*Excerpted records*
▽
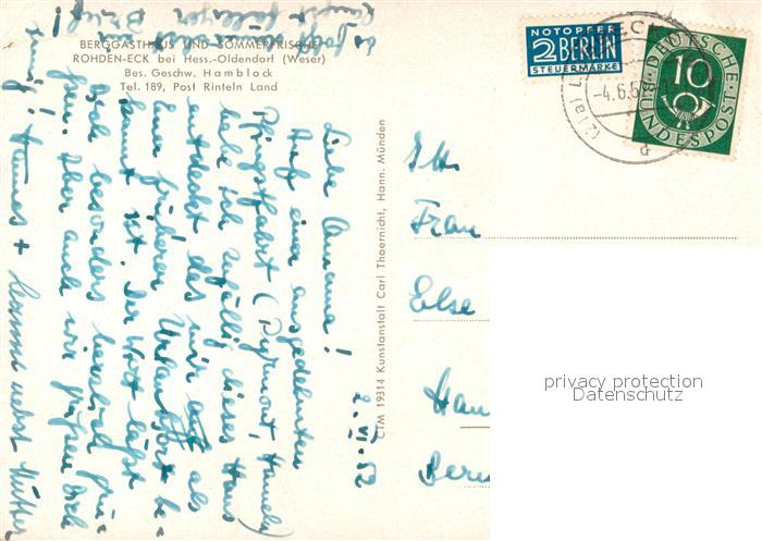 73749713 alte Postkarte Hessisch Oldendorf Berggasthaus Rohden Eck postalisch gelaufen Erhaltung siehe scans [WerneD78] KatCode: 11110003252007
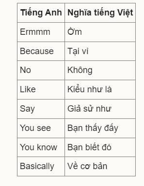 Các diễn đạt không được sử dụng ở đầu câu bao gồm: "ermmm" (ờm), "because" (bởi vì), "no" (không), "like" (kiểu như là), "say" (giả sử rằng), "you see" (bạn thấy đấy), "you know" (bạn biết đấy) và "basically" (về cơ bản).
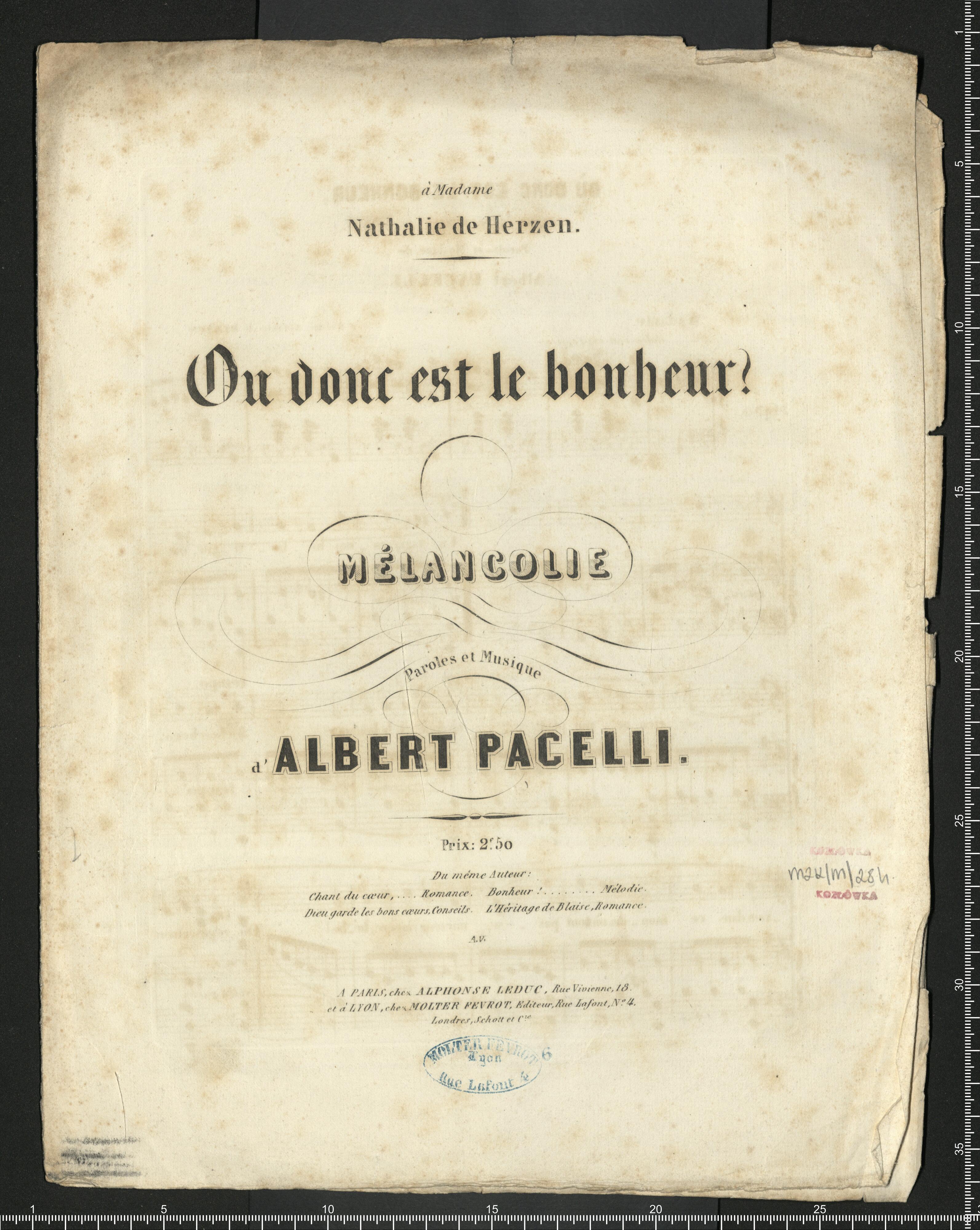 à Madame | Nathalie de Herzen. | Ou donc est le bonheur? | MÉLANCOLIE | Paroles et Musique | d'ALBERT PACELLI. | Prix 2|F 50 | Du même Auteur: Chant du cœur,... Romance. Bonheur!... Mélodie. | Dieu garde les bons cœur, Conseils. L'Héritage de Blaise, Romance. | A.V. | A PARIS, chez ALPHONS LEDUC, Rue Vivienne, 18. | et à LYON, chez MOLTER FEVROT, Editeur, Rue Lafont, N|o 4. | Londres, Schott et C|i|e
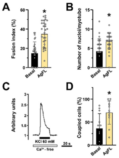 Sustained proliferation may impair the myogenic differentiation [33,34,35]. We examined whether AgFL-treated myoblasts retained the capability to differentiate despite the enhanced proliferation. The AgFL-treated myoblasts from a 60-year-old donor were induced to differentiate by reducing the serum concentration (see Materials and Methods for details). After 10 days of differentiation, we determined fusion efficiency and the establishment of the skeletal-type e–c coupling mechanism, based on the mechanical link between L-type voltage-operated Ca2+ channels and ryanodine receptors [82,83]. Fusion efficiency was evaluated by estimating the fusion index and the number of nuclei per myotube. The fusion index was higher in the AgFL-treated than in the control cells (Figure 7A) as well as the mean number of nuclei per myotube (Figure 7B). The establishment of the e–c coupling mechanism was assessed by Ca2+ imaging [84], i.e., measuring the number of cells in which a Ca2+ transient was elicited by depolarisation (KCl 60 mM) in Ca2+-free conditions (2 mM EGTA excess) (Figure 7C). The percentage of myotubes (± SD) exhibiting a skeletal-type e–c coupling mechanism (Figure 7D) was higher in cultures derived from the AgFL-treated myoblasts than in controls.
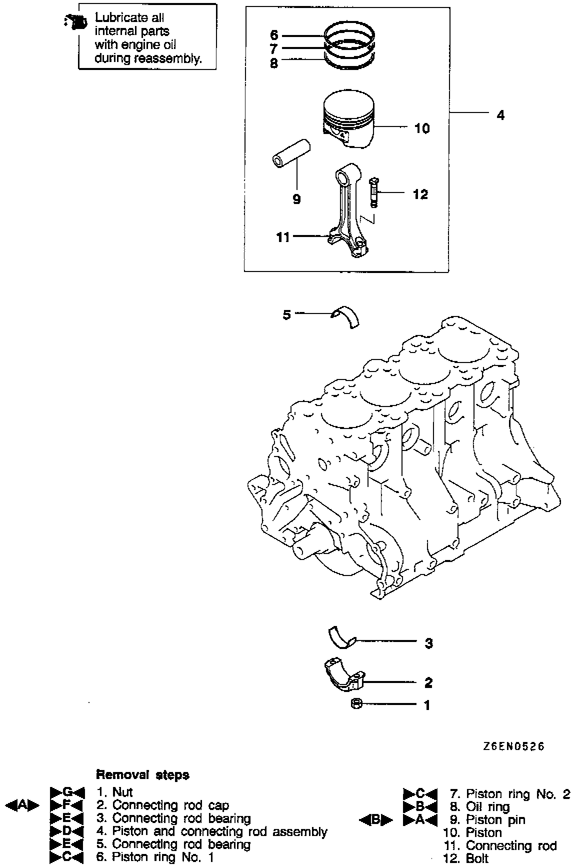 (1) Mark the cylinder number on the side of the connecting rod big end for correct reassembly.
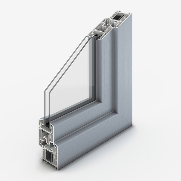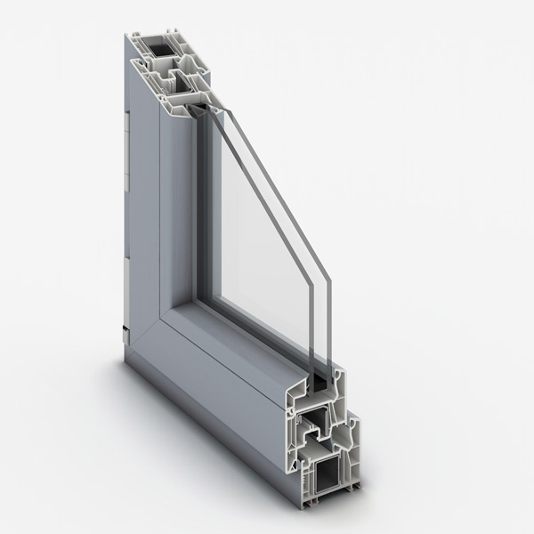 Profilo anta da 76×84 mm, a 5 camere, con rinforzi in acciaio da 20/10 mm.
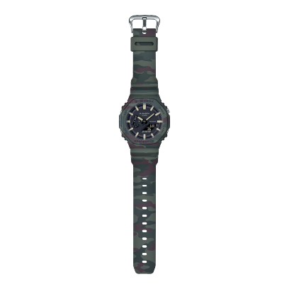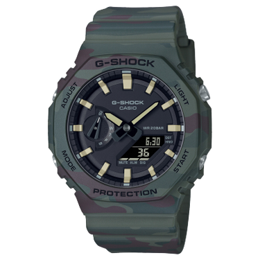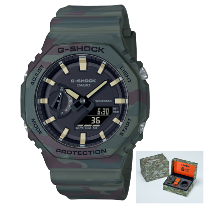 From the toughness-driven G-SHOCK, a design inspired by adventurers whose love of the wilderness knows no bounds. Switch between interchangeable bands and bezels for a thin octagonal GAE-2100 with an even wilder spirit. Green nature-inspired camouflage and vibrant outdoor-fashion orange take you from fashionable urban streets to wilderness exploration in cool, casual style.
△
*Work request*
Images are to be skipped, and each line above is to be returned exactly.

*Output for this task*
 73749713 alte Postkarte Hessisch Oldendorf Berggasthaus Rohden Eck postalisch gelaufen Erhaltung siehe scans [WerneD78] KatCode: 11110003252007
 Các diễn đạt không được sử dụng ở đầu câu bao gồm: "ermmm" (ờm), "because" (bởi vì), "no" (không), "like" (kiểu như là), "say" (giả sử rằng), "you see" (bạn thấy đấy), "you know" (bạn biết đấy) và "basically" (về cơ bản).
 à Madame | Nathalie de Herzen. | Ou donc est le bonheur? | MÉLANCOLIE | Paroles et Musique | d'ALBERT PACELLI. | Prix 2|F 50 | Du même Auteur: Chant du cœur,... Romance. Bonheur!... Mélodie. | Dieu garde les bons cœur, Conseils. L'Héritage de Blaise, Romance. | A.V. | A PARIS, chez ALPHONS LEDUC, Rue Vivienne, 18. | et à LYON, chez MOLTER FEVROT, Editeur, Rue Lafont, N|o 4. | Londres, Schott et C|i|e
 Sustained proliferation may impair the myogenic differentiation [33,34,35]. We examined whether AgFL-treated myoblasts retained the capability to differentiate despite the enhanced proliferation. The AgFL-treated myoblasts from a 60-year-old donor were induced to differentiate by reducing the serum concentration (see Materials and Methods for details). After 10 days of differentiation, we determined fusion efficiency and the establishment of the skeletal-type e–c coupling mechanism, based on the mechanical link between L-type voltage-operated Ca2+ channels and ryanodine receptors [82,83]. Fusion efficiency was evaluated by estimating the fusion index and the number of nuclei per myotube. The fusion index was higher in the AgFL-treated than in the control cells (Figure 7A) as well as the mean number of nuclei per myotube (Figure 7B). The establishment of the e–c coupling mechanism was assessed by Ca2+ imaging [84], i.e., measuring the number of cells in which a Ca2+ transient was elicited by depolarisation (KCl 60 mM) in Ca2+-free conditions (2 mM EGTA excess) (Figure 7C). The percentage of myotubes (± SD) exhibiting a skeletal-type e–c coupling mechanism (Figure 7D) was higher in cultures derived from the AgFL-treated myoblasts than in controls.
 (1) Mark the cylinder number on the side of the connecting rod big end for correct reassembly.
 Profilo anta da 76×84 mm, a 5 camere, con rinforzi in acciaio da 20/10 mm.
 From the toughness-driven G-SHOCK, a design inspired by adventurers whose love of the wilderness knows no bounds. Switch between interchangeable bands and bezels for a thin octagonal GAE-2100 with an even wilder spirit. Green nature-inspired camouflage and vibrant outdoor-fashion orange take you from fashionable urban streets to wilderness exploration in cool, casual style.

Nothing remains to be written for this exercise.